=== What you have to do ===
Start at the top of the records and, please, print each line exactly through the line that contains "Crochet Drawstring Backpack - Green & Tan", leaving out all pictures.

=== Records for the task ===

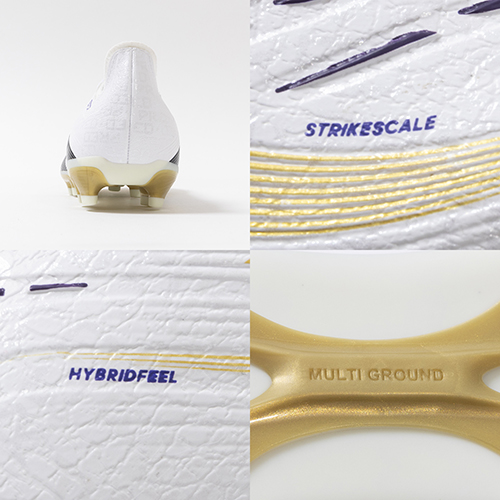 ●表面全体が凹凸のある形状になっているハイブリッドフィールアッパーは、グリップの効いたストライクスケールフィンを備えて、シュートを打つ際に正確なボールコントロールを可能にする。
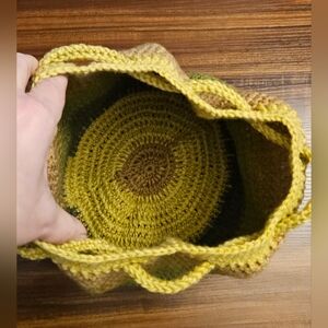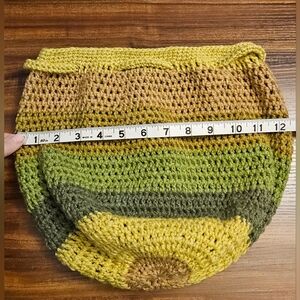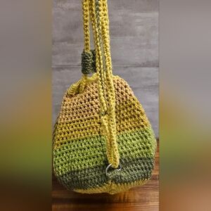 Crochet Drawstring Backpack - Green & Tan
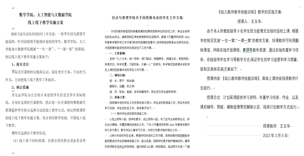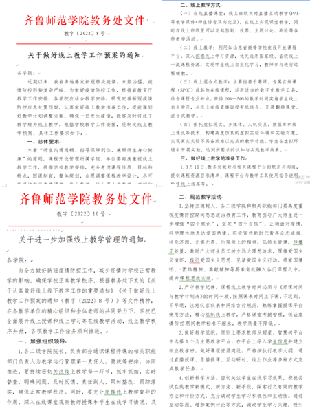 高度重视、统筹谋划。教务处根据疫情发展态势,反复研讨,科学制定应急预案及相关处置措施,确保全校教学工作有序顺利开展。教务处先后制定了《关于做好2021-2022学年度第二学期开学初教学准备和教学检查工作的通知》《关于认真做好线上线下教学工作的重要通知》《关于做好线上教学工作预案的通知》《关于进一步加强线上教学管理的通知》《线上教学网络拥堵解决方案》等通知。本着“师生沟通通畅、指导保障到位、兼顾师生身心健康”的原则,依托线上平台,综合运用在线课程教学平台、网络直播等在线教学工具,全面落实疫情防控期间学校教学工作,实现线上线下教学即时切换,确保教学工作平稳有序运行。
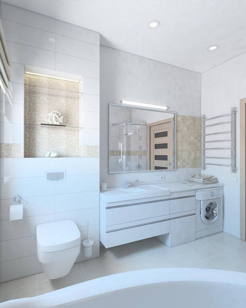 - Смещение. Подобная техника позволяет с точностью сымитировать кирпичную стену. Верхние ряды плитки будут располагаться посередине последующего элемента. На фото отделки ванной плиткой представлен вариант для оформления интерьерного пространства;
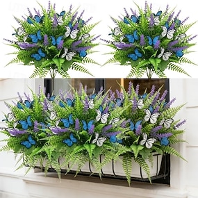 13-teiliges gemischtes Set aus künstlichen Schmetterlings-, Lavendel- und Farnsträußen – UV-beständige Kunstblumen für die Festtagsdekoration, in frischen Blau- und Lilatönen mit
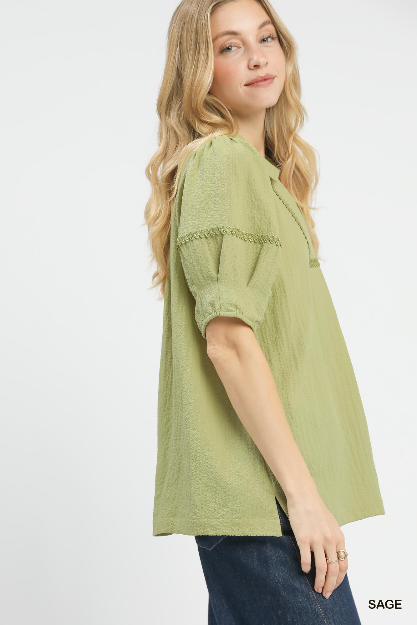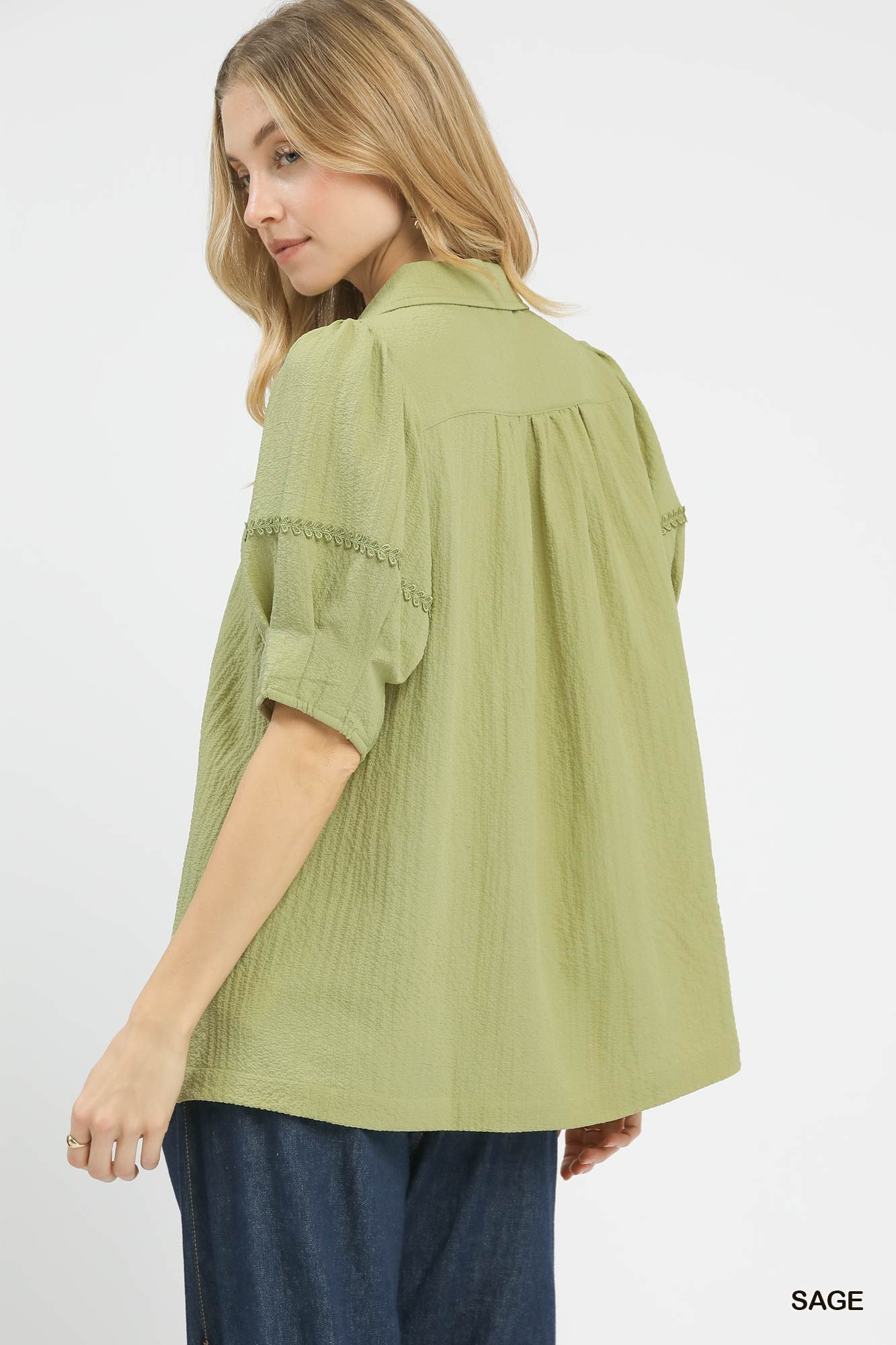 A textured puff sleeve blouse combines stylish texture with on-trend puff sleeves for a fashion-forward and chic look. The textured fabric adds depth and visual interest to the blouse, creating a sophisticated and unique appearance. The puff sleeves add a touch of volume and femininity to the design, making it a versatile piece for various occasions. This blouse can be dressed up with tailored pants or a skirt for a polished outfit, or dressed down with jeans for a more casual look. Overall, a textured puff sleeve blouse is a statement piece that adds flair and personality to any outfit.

=== Written response ===
 ●表面全体が凹凸のある形状になっているハイブリッドフィールアッパーは、グリップの効いたストライクスケールフィンを備えて、シュートを打つ際に正確なボールコントロールを可能にする。
 Crochet Drawstring Backpack - Green & Tan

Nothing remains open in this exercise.